Северную окраину держал Кевин Мэйхью — горлопан, перепутавший громкость с силой, а собственный страх — с чужой уважухой. Мелюзга его боялась. Серьёзные ржали в голос. У депо окопались албанцы: тихие, семейные, с той специфической семейной жутью, когда за одного двоюродного из-под земли лезут тридцать родных. Промзону и жалкие огрызки торговли дурью на западе догнивал байк-клуб «Стальной легион» — пузатые деды под шестьдесят в косухах, гроза района лохматого года, до слёз оскорблённые тем, что район давно забил. А бабки — обмен, ссуду, ломбард, весь тот серый гадючник, куда сползаются те, кому отказал банк, — держал поляк Домбровски. Вежливый, чистенький, за всю жизнь не поднявший ничего тяжелее ручки «паркер»: банкиру пачкаться незачем, за него грызутся должники, а он сидит, улыбается и считает.

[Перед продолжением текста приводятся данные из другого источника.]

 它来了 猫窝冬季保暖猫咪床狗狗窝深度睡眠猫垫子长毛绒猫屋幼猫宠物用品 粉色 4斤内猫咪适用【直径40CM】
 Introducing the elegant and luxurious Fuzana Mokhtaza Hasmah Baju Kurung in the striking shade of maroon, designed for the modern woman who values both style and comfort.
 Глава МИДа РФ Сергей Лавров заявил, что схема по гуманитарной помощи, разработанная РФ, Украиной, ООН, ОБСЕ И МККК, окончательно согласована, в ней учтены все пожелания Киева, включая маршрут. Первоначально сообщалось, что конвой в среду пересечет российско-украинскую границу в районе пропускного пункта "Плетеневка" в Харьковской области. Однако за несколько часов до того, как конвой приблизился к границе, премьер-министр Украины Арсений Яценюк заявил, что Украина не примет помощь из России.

Любили они друг друга, как пауки в трёхлитровой банке. Отжимали по чуть — точку, улицу, процент. Но большой войны не было лет двадцать, потому что большая война невыгодна вообще никому: она палит то, что кормит. Каллахан сёк это лучше всех и держал баланс не сердцем, а холодным калькулятором старого хищника, усвоившего азбуку: сытым быть надёжнее, чем победителем.

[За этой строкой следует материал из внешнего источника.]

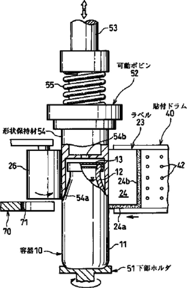 A tape shaped shrink label is wrapped around the forming bobbin and joined to form a sleeve shrink label, which then is lowered to put over a container. Then the label is heated to shrink to close-fit to the container. This drastically reduces label costs and contributes container recycling as well (2nd picture below).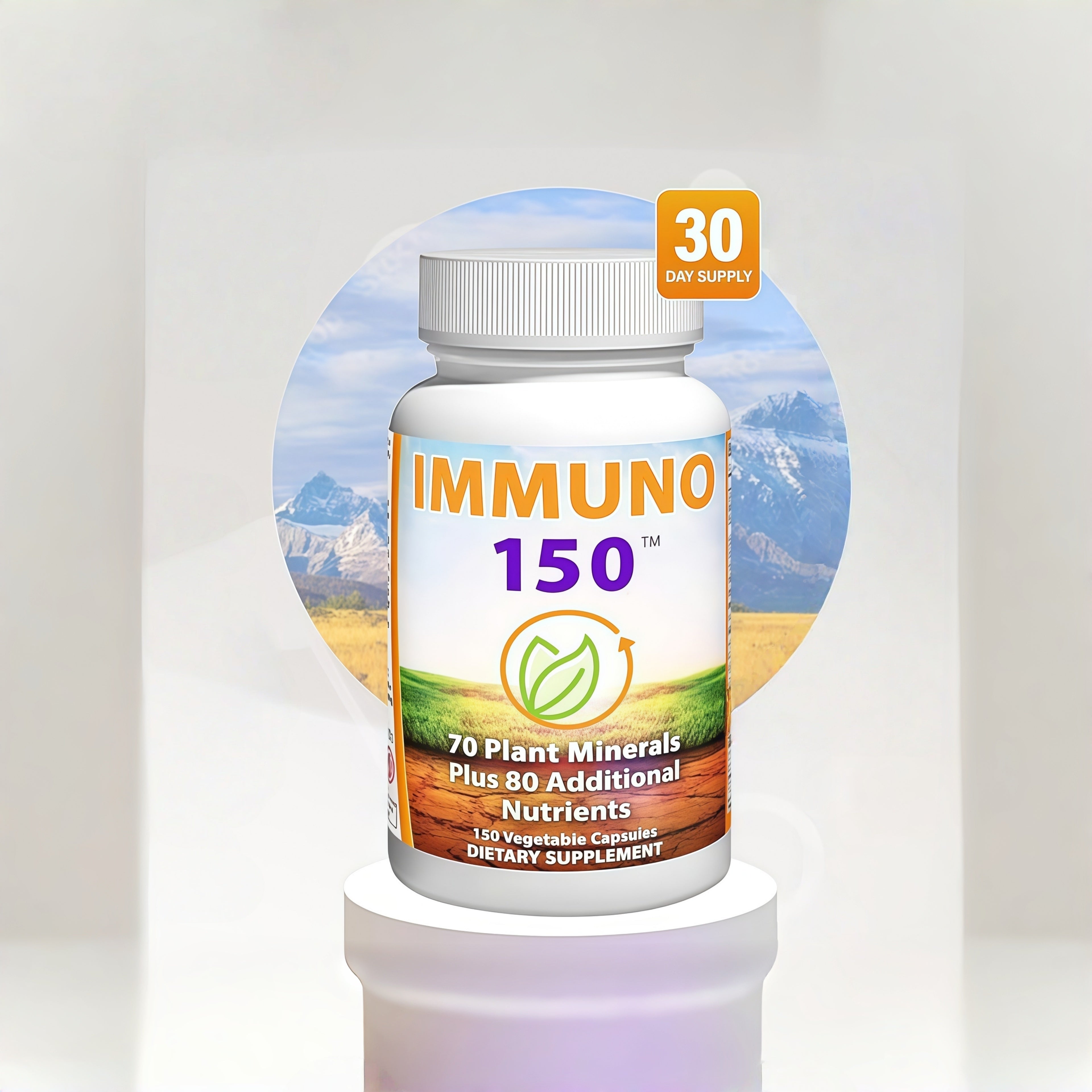 Immuno150 is a complete multi formulated with 70 organic colloidal plant minerals and over 80 essential nutrients, including vitamins, antioxidants, herbs, and amino acids. This unique blend is designed to strengthen the immune system, increase energy, and support overall vitality. Certified Kosher, OMRI listed, USDA approved, and produced in an FDA-certified facility, Immuno150 delivers safe, high-quality nutrition. Backed by DSHEA standards, it helps fill nutrient gaps, promotes wellness, and provides lasting daily support for your body.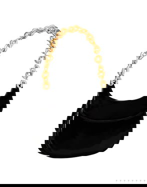 Staud's black Rey bag is reinterpreted with a thick gold chain-link strap, evoking a vintage mood. It's crafted from smooth leather to a triangular silhouette with a brushed interior and a practical zipped pocket.
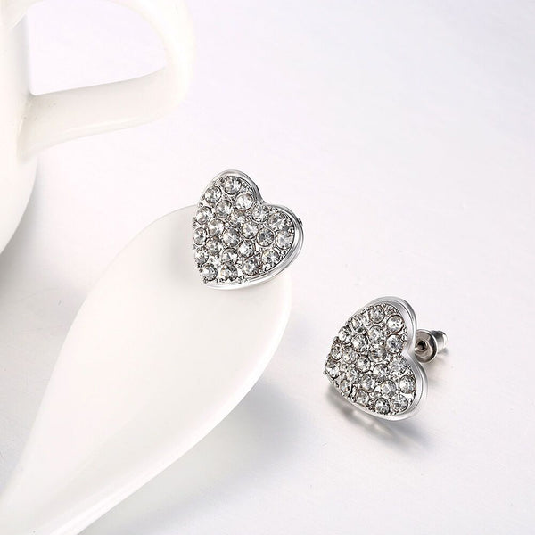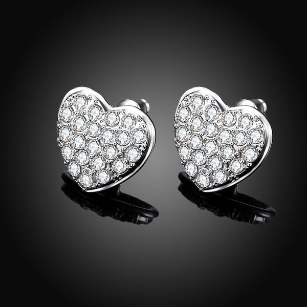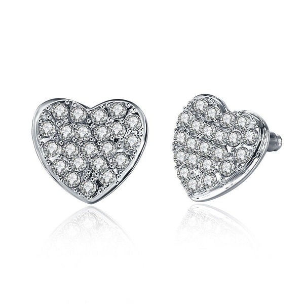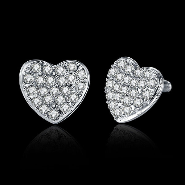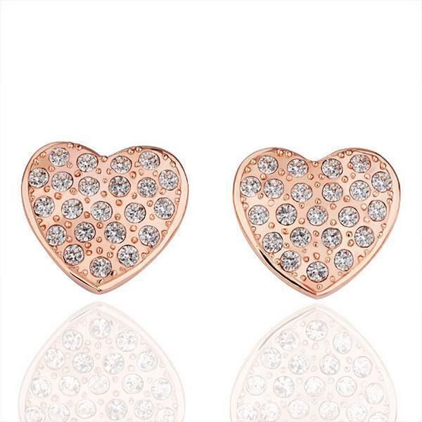 Rose Gold Platinum Plated Earrings Stud AAA Zirconia Push Back Heart .64" L241

А полгода назад в город въехал чёрт, которому на баланс было насрать. И миска не впёрлась. Ему нужна была вся кухня. С поварами, посудой и тёткой на кассе.


Как он нарисовался — толком не помнит никто. Так не ловят момент, когда в хате заводится плесень: вчера всё пучком, а сегодня полстены чёрное и с запашком. Первые слухи ползли с самого дна — оттуда, где новости выуживают вместе с металлом на отливе. На востоке, в дохлых кварталах у старого депо, завелись новые. Скупают за нал пустые склады. Дают в долг дешевле Домбровски. Подбирают точки, которые и так ничьи. Мелочь, шелуха, объедки. Крупные даже не почесались: объедки всегда кто-то подъедает, не жалко.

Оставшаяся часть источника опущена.